Impact-Site-Verification: f601b76f-8b13-493f-b88a-e401694e2e56

Knowledge Curation: The Hard Part Isn't Getting Data In

2026-03-08 · 5 min read · Janaina Maia

When I started building the knowledge base for Urbix, my instinct was to get everything in.

Every planning scheme. Every council policy document. Every engineering standard I could find. The more data, the smarter the AI. That seemed logical.

It was wrong.

Six months in, I had an AI that could confidently discuss planning policy from three different states simultaneously, sometimes within a single answer, without distinguishing between them. It would blend a Queensland planning scheme with New South Wales legislation and present the result as applicable to a Brisbane project.

The data was all technically correct. The curation was a disaster.

The Hard Part Is Deciding What to Leave Out

Anyone can dump documents into a vector database. It takes an afternoon and a reasonable internet connection. The hard part is deciding what to leave out.

This is a skill that doesn't get discussed much in AI product circles, probably because it doesn't feel like a technical problem. It isn't. It is an editorial problem. And most AI builders are not thinking like editors.

An editor's job is to serve the reader by removing everything that doesn't serve them. An AI knowledge curator's job is the same: serve the user by removing everything the AI doesn't need to answer their questions accurately.

More is not better. More is usually worse.

Garbage In, Confident Garbage Out

The dangerous thing about poorly curated AI is that it doesn't give you garbage answers that look like garbage. It gives you garbage answers that look like confident, well-structured, professionally appropriate responses.

A planning AI trained on mixed or outdated documents won't say it is confused. It will cite specific clauses from the wrong version of a policy, in fluent professional language, with no indication that anything is amiss.

This is worse than no answer. A user who gets no answer knows to look elsewhere. A user who gets a confident wrong answer may not question it until the consequences show up.

The quality of your AI's answers is determined more by what you put in the knowledge base than by what model you use or how clever your prompts are. This is not a popular thing to say in rooms full of engineers excited about model comparisons. It is true nonetheless.

How I Think About Knowledge Curation Now

I think about it in three passes.

Pass one: relevance. Does this document contain information that users will actually ask about? If the answer is maybe, the document doesn't go in. Ambiguous relevance creates ambiguous answers.

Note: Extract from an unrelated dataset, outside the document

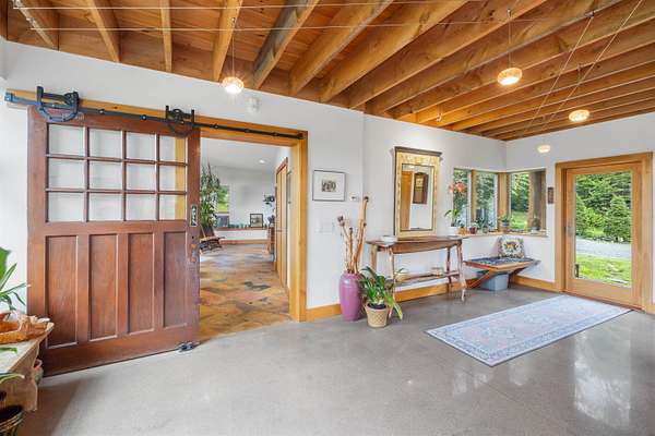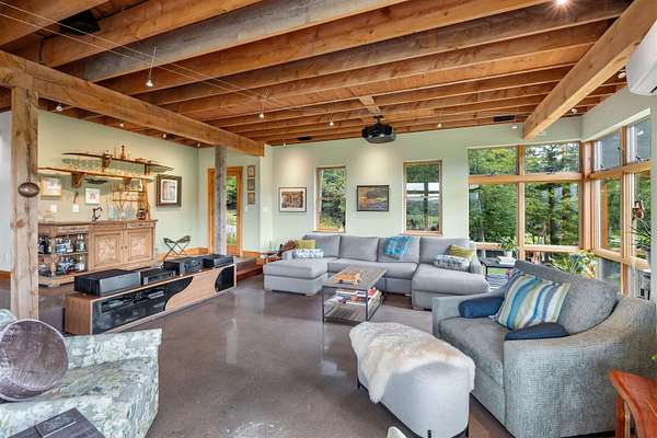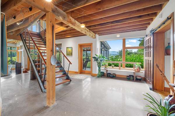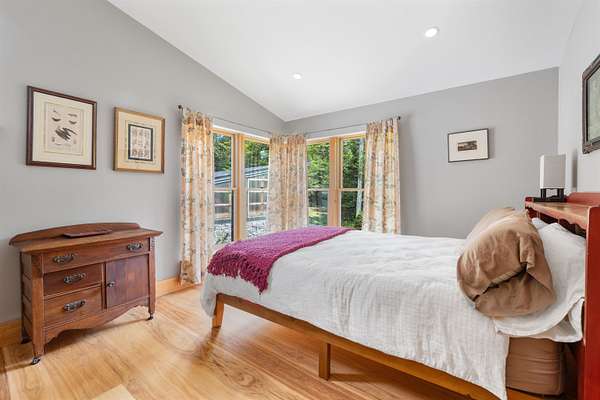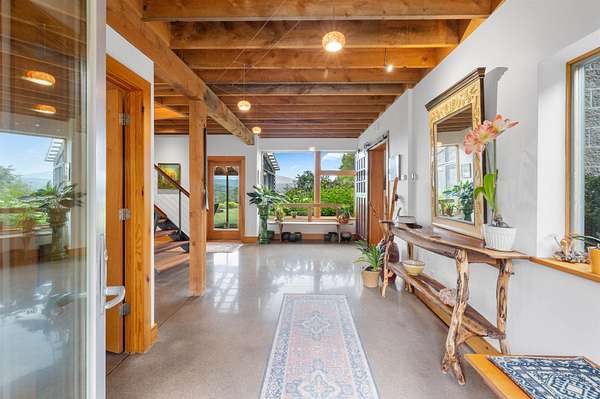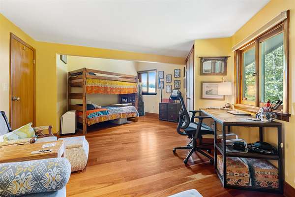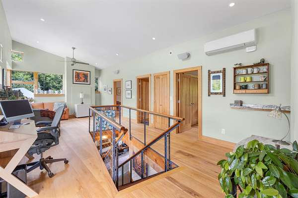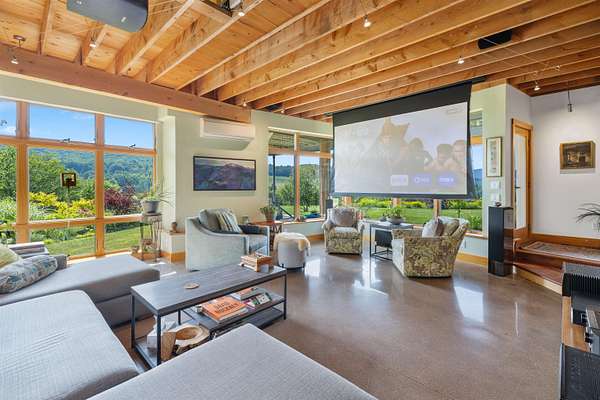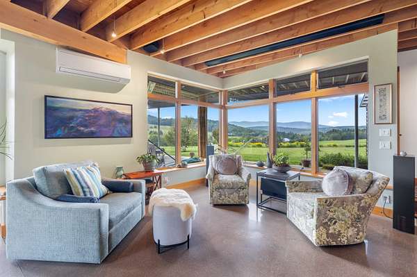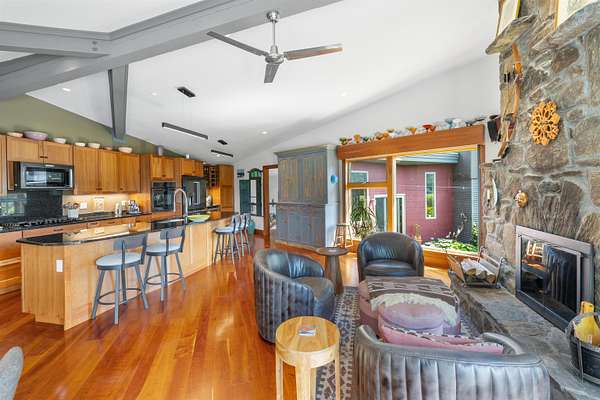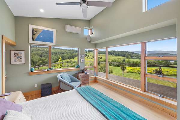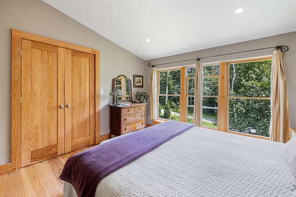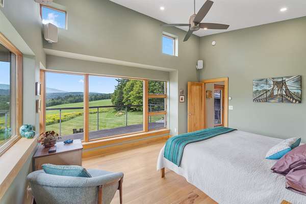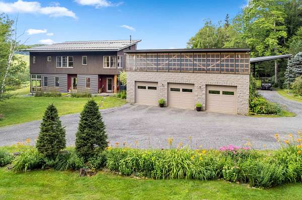Private Vermont Sanctuary with Spectacular Mountain Views. Tucked away on a quiet dead-end road, yet just minutes to Hermitage Club, Mount Snow and downtown Wilmington. Every room offers a view. Direct snowmobile access and walking trails! Set on 20 private acres in the heart of Vermont's Green Mountains, the property features panoramic views of Haystack, Mount Snow, and the spine of the southern Green Mountains. With over 4,200 square feet of thoughtfully designed living space, the interior boasts clean lines, a Primary suite with walk-in closet and spa-like bath. Floating staircase, a large foyer, and a screened-in porch for enjoying warm evenings. Vaulted ceilings, radiant heat throughout, and walls of windows frame the stunning mountain and valley vistas. Open-concept kitchen and dining area with granite countertops, custom cherry cabinets and flooring, large center island, and a massive stone fireplace. Direct access to multi-level decks. Spacious living room with exposed beams and a cozy sitting area with a Projection System and a Custom high-end audiophile Sound system. Oversized heated 3-car garage. Enjoy outdoor living at its best with beautifully maintained flower gardens, open fields, a mature mixed forest, a patio, a hot tub, an outdoor shower, and creek frontage.

Pass two: accuracy and recency. Is this the current version? Has it been superseded? Are there known errors? Outdated documents are often worse than no documents because the AI will present old rules as current without any flag that they have changed.

Pass three: jurisdiction and scope. Who is this for? In urban planning, a New South Wales planning document is not relevant to a Queensland project. Mixing jurisdictions creates exactly the category error I described earlier. Each agent in Urbix has a tightly defined document scope.

The Library vs. The Briefing Room

I use this mental model when explaining knowledge curation to people building AI products.

A library stores everything. It serves people who know what they are looking for and can evaluate sources themselves. It is not curated; it is comprehensive.

A briefing room contains only what the person in the room needs to know right now. Every document in it was chosen because it belongs there.

Most AI knowledge bases are built like libraries. They should be built like briefing rooms.

Your user is not a researcher with unlimited time to evaluate contradictory sources. They are a professional with a specific question and a deadline. They need the right answer, not all the answers.

What to Actually Remove

In building Urbix, I removed more than I kept. Here is what I consistently cut:

Superseded policy versions. If there is a 2024 version, the 2019 version goes out. The AI will not reliably distinguish between them without explicit help, and that help is not worth the overhead.
Documents from outside the jurisdiction being served. Councils are different. Policies are different. Mixing them creates plausible-sounding errors.
Generic guidance documents that repeat what is in primary sources. These dilute the signal. The AI interprets them as additional authoritative sources when they are actually just commentary.
Marketing material and public communications from councils. These are written for general audiences, not professional use.
Draft and consultation documents unless specifically relevant to current applications.

Curation Is Not a One-Time Event

Planning policy changes. Councils adopt new codes. State governments update legislation. An AI knowledge base that was accurate at launch will drift toward inaccuracy without ongoing curation.

I set a review cycle for every document in Urbix's knowledge base. Each one has a metadata record with the source, the version, the date of ingestion, and a scheduled review date. When councils update their policies, we remove the old version and ingest the new one.

This is not glamorous work. It is not the kind of thing that makes a good demo. It is the kind of thing that determines whether a professional can trust your product a year after launch.

The Editorial Mindset

If you are building an AI product in a specialized domain, you are an editor whether you think of yourself that way or not. Every document you include is an editorial decision. Every document you exclude is too.

The quality of those decisions is a larger factor in your product's reliability than most teams want to acknowledge, because it means the solution is not purely technical. It requires judgment, domain knowledge, and ongoing maintenance. Build like an editor. Your users will notice the difference, even if they can't name it.